I think you're still confusing the UV that a actinic bulb puts out as something that it's not. Yes it make stuff glow a bit, as does a black light. Neither of these will give you a suntan, ever. They are not the same type of UV. There is 3 types of UV that all have different effects. UV-A, is visible like black lights and makes stuff glow pretty. That's about it. UV-B gives us suntans and sunburns and stimulates Vitamin D production in humans, and calcium uptake in reptiles and other creatures and is invisible. UV-C kills bacteria and is used in UV sterilizers for aquariums and medical equipment and is invisible.

Yes actinics are used in reef tanks by some, and some despise them because they make all corals glow pretty, even crappy ones where as a nice, good quality coral will be colorful under regular light.

Cherry/fire red/pfr/whatever shrimp, get darker red as they age, regardless of the light.

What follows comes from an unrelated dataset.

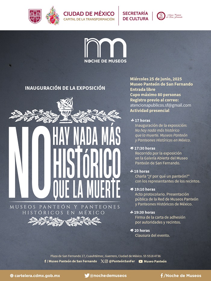El programa de esta Noche de Museos es “No hay nada más histórico que la muerte” en el que se incluye la inauguración de una exposición y presentación de una nueva “Red”.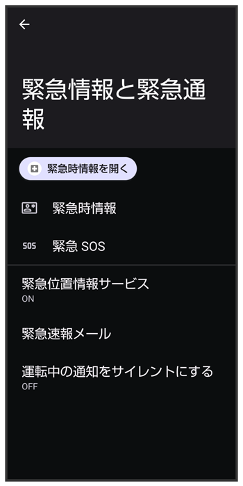 | 緊急 SOS | ・緊急 SOS の使用 電源キーをすばやく5回押して緊急 SOS画面を表示させるかどうかを設定します。 ・カウントダウン アラームを鳴らす 緊急 SOSするときにカウントダウンの大きな音を鳴らすかどうかを設定します。 ・緊急通報 緊急通報用の電話番号を設定します。 |

If you are trying to attribute the light to making your shrimp redder, I think you're on the wrong path. They get red as they get older, happens to all of them. I have several times culled too early, only to pull the culled shrimp back into the main tank because 3 months after I culled them, they turned a nice dark or solid red and they weren't that color when I put them in. It was just time they needed, not anything else.
 
#26 ·
hmmm... I have the question stuck in my head. ill have to make a setup using tanning bulbs(UV-A). then I can find out for sure. gotta find some lousy cherry shrimps.
 
#28 ·
I could also offer a trade. I would specifically go for shrimp with the least amount of color, since they would be the ones that show the most response to UV, if they show one at all. if I have shrimp that are naturally super red, its going to be hard to tell if my the tanning bulbs would make a difference. then again, a controlled experiment may still show a difference...
 
#29 ·
OK, so now that I have decided that I definitely want to do this experiment, I need to put a light together that produces almost entirely UV. I have decided that I want to use Tanning bulbs because I can get some that produce almost nothing but UV-A, which is enough to cause humans to tan but wont normally burn them. I imagine if shrimps can "tan" then these bulbs should work. the problem is, I have no idea how to put a lamp together to run the bulbs. can anyone refer me to a guide or instructional that explains how to build lights? as far as I know, there aren't any lights that are set up to run tanning bulbs that would be suitable for an aquarium.